Thursday, July 25, 2019

I Read the Book Month: The Hiding Place

The Hiding Place (1975)
This month at Movie Churches, we’re looking at films made from books -- literary fiction for the most part. The Hiding Place is an exception, since the book, written by a survivor of Nazi concentration camps, tells the true story of Corrie ten Boom's family's attempts to save Jews during the Holocaust.

The book might not have the literary pedigree of other books featured this month. Corrie ten Boom and her co-authors, John and Elizabeth Sherrill, are Dostoyevsky or Kafka. Nonetheless, it’s a powerful story that has challenged many, myself included, for decades. The ten Boom family's examples of love, sacrifice, and forgiveness continue to inspire and convict those who read her story.

Corrie was a middle-aged woman living with her sister and parents in the city of Haarlem when the Nazis invaded the Netherlands in 1940. The family found themselves helping Jews as German control tightened, eventually hiding people in their homes as they made their escape to freedom. Corrie and all her family were eventually arrested and sent to concentration camps. Corrie was the only one who survived the war.

Corrie Ten Boom with Jeannette Clift (the actress who played her)
The 1975 film based on the book was produced by Billy Graham’s production company, World Wide Pictures. It is easily the best film from World Wide Pictures, which sounds a bit like the distinction of being the world’s fastest sloth or the world’s prettiest monkfish, but it is a good film. It has a distinguished cast. Jeannette Clift, who played Corrie, was in few other films, but Julie Harris who played Corrie’s sister, Betsie, and Arthur O’Connell who played Corrie’s father, Casper, were both Oscar-nominated actors, as was Nigel Hawthorne who played Pastor De Ruiter in the film.

Every other World Wide Pictures film made during Billy Graham’s lifetime featured the evangelist, often in an extremely awkwardly shoehorned-in scene The historical nature of this film freed the filmmakers from that requirement, but Corrie ten Boom herself appears at the end of this film.

There isn’t much church or clergy in this Christian film, but the official clergy member doesn’t come off well. Pastor De Ruiter is nervous and critical of the ten Boom’s decision to help Jews in need. He is quite obviously afraid of the Nazis and is quite willing to kowtow to the evil forces.

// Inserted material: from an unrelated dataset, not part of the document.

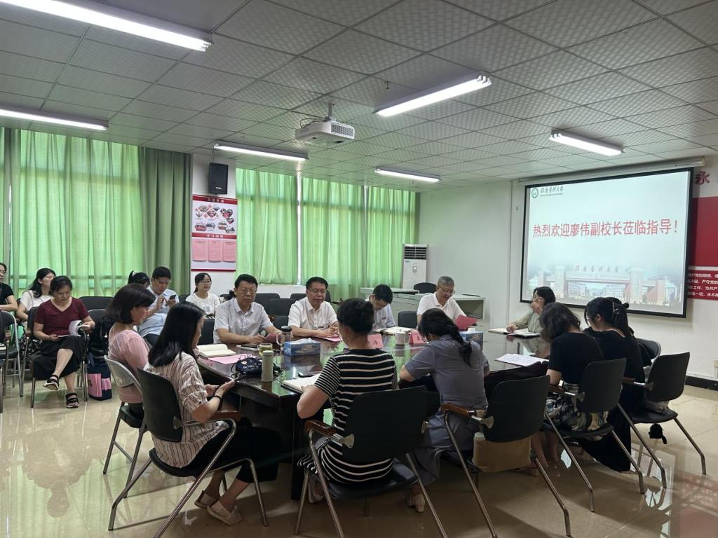7月4日,学校党委委员、副校长廖伟到人文社会科学学院调研教师思想政治和师德师风建设情况并召开座谈会,该院党政领导、全体教职工参会,党委副书记、院长赖日勇主持会议。
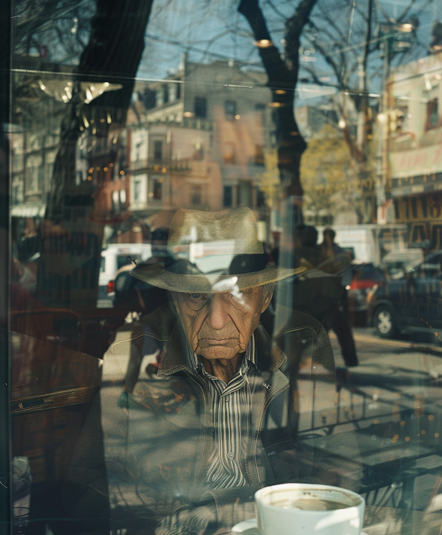 Elderly man in a cafe, wearing a fedora, gazes out the window with a contemplative expression. Reflections of a bustling street outside.

This distresses and puzzles Corrie who is doesn’t understand how a pastor could act this way. Her father, Casper, explains that just because someone serves in the church doesn’t mean they are serving Christ. He says, “A mouse might be in a cookie jar, but he is not a cookie.” (It should be noted that in the book and real life, the ten Booms' circle included good clergy, doing good work. Corrie’s brother, Willem, a pastor in the Dutch Reformed Church, first brought a Jewish man who escaped from Germany, to be with his family.)

But if you define the church in a less formal way, as people who love Jesus gathered together to worship Him, then there is a quite wonderful church represented in the film. In the concentration camp barracks, Betsie and Corrie meet with other women to read from their miraculously preserved Bible and to pray and sing hymns. One of the reasons they are able to worship freely is because the guards fear the lice and fleas in the barracks. Betsie realizes that pests and vermin prove to be a gift from God.

Because of this, I’m going to split the steeple ratings this week. Because of the difficult circumstances he faces, we will give the cowardly Pastor De Ruiter a perhaps too generous Movie Churches rating of Two Steeples, but to the church meeting in the barracks of Ravensbruck, we give our highest rating of Four Steeples.